Problem to solve
Only the pictures are to be left out; set down the rest of the records exactly.

[Collected data]
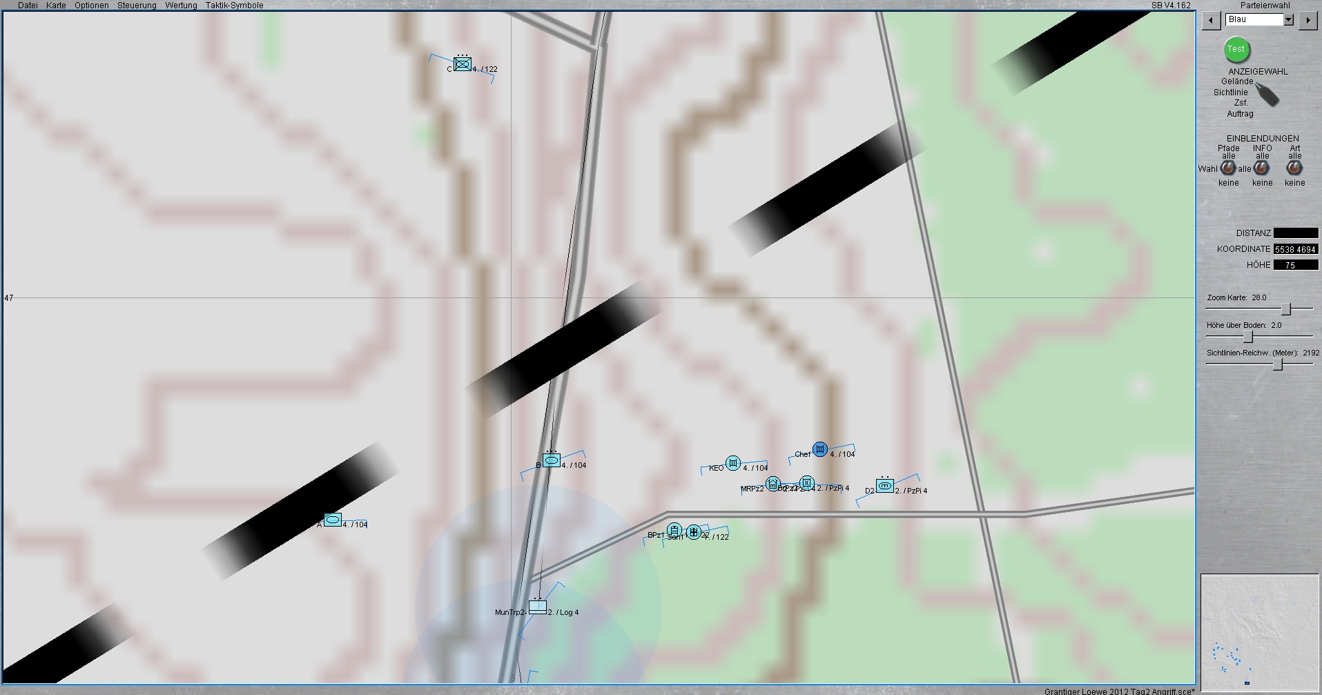 Am ersten Tag hatte das PzGrenBtl 112 angegriffen (hier jetzt in dem Fall ein verst. MechInf Btl BMP) und muss nun am 2. Tag mit einer verst. Kompanie verzögern.
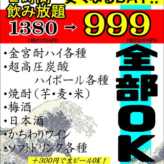 【16~19時は毎日ハッピーアワー!】 ドリンク半額!お料理も安い!生牡蠣半額!550円→275円 【19時~2H飲み放題1380円(税込1518円)!】 色んなドリンクが飲み放題として楽しめます♪ 【ご宴会コース】 ★2h飲み放題付き忘年会もつ鍋コース★ 4500円(7品)/5000円(7品...View More »
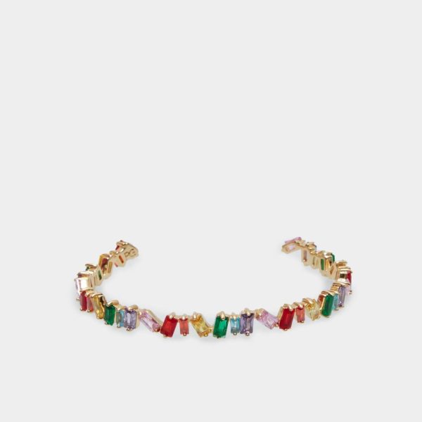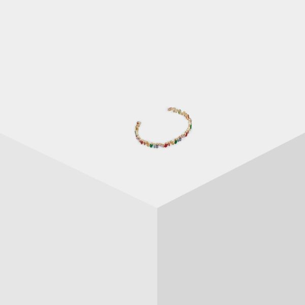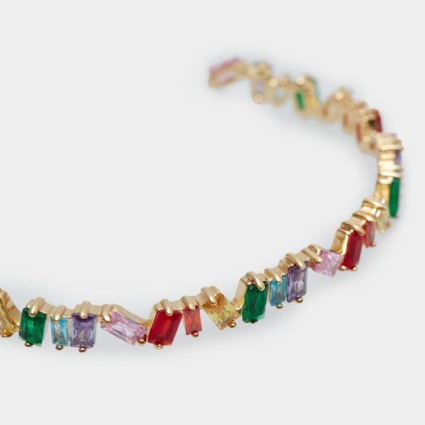 Pulsera rígida bañada en oro con cristales multicolor de forma rectangular.
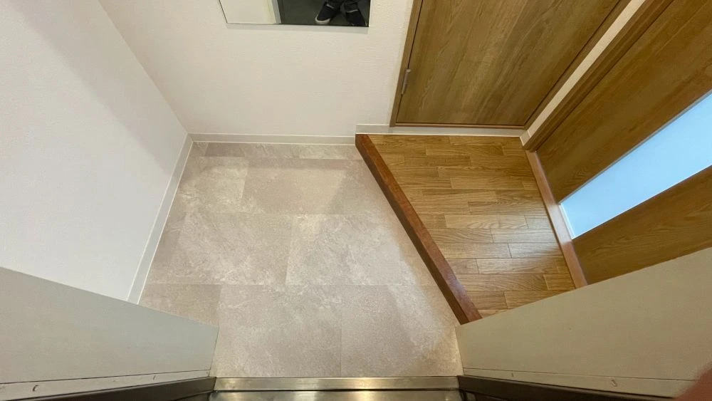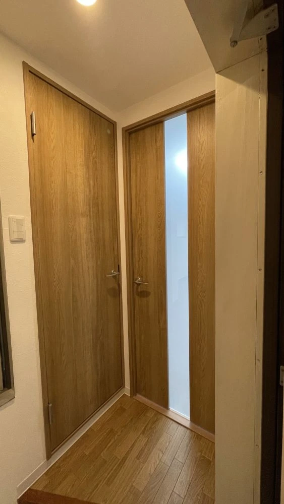 モノトーンで無機的な印象だった室内は建具を木目調に変更し、温かみを感じさせます。玄関は、框を建具に合わせた木目調のクッションフロアに、土間を柔らかな色味のフロアタイルで上張りし、同じ玄関とは思えないほど印象が変わりました。
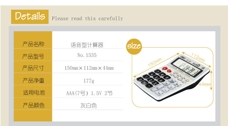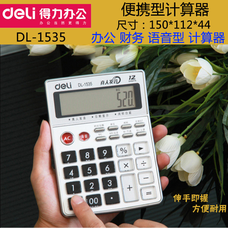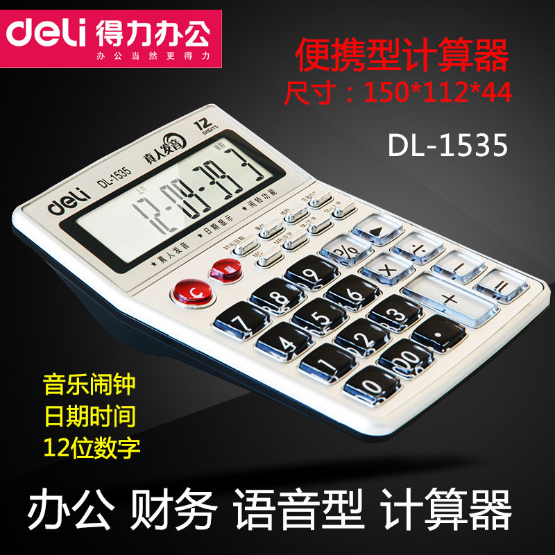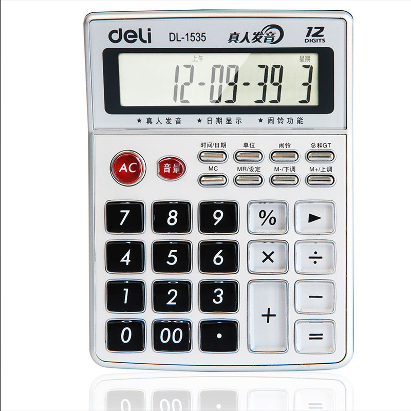 Deli 1535 Financial Office Voice Multifunctional Calculator 12 -bit Business Computer Кнопка отображения
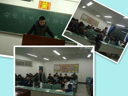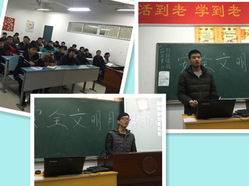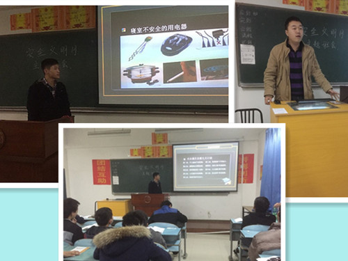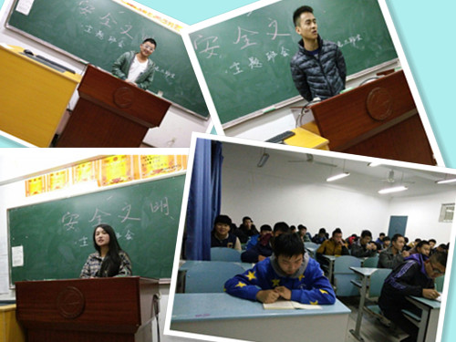 2015年12月6日19:00,机电工程学院15级各个班级在A栋四楼进行了“寝室安全文明”的主题班会,班会分为三部分。第一部分,由主讲人向同学们介绍什么是安全隐患、大功率电器和有关文明的事项。第二部分,向大家讲解因为不安全用电引发的一系列事例,以此来警示同学们一定要安全用电,除了安全用电,还讲到了防火和防盗的相关问题。第三部分,由班干部向大家介绍如何安全用电,以及同学们对生活中的一些问题进行提问。

Output for this exercise
 Am ersten Tag hatte das PzGrenBtl 112 angegriffen (hier jetzt in dem Fall ein verst. MechInf Btl BMP) und muss nun am 2. Tag mit einer verst. Kompanie verzögern.
 【16~19時は毎日ハッピーアワー!】 ドリンク半額!お料理も安い!生牡蠣半額!550円→275円 【19時~2H飲み放題1380円(税込1518円)!】 色んなドリンクが飲み放題として楽しめます♪ 【ご宴会コース】 ★2h飲み放題付き忘年会もつ鍋コース★ 4500円(7品)/5000円(7品...View More »
 Pulsera rígida bañada en oro con cristales multicolor de forma rectangular.
 モノトーンで無機的な印象だった室内は建具を木目調に変更し、温かみを感じさせます。玄関は、框を建具に合わせた木目調のクッションフロアに、土間を柔らかな色味のフロアタイルで上張りし、同じ玄関とは思えないほど印象が変わりました。
 Deli 1535 Financial Office Voice Multifunctional Calculator 12 -bit Business Computer Кнопка отображения
 2015年12月6日19:00,机电工程学院15级各个班级在A栋四楼进行了“寝室安全文明”的主题班会,班会分为三部分。第一部分,由主讲人向同学们介绍什么是安全隐患、大功率电器和有关文明的事项。第二部分,向大家讲解因为不安全用电引发的一系列事例,以此来警示同学们一定要安全用电,除了安全用电,还讲到了防火和防盗的相关问题。第三部分,由班干部向大家介绍如何安全用电,以及同学们对生活中的一些问题进行提问。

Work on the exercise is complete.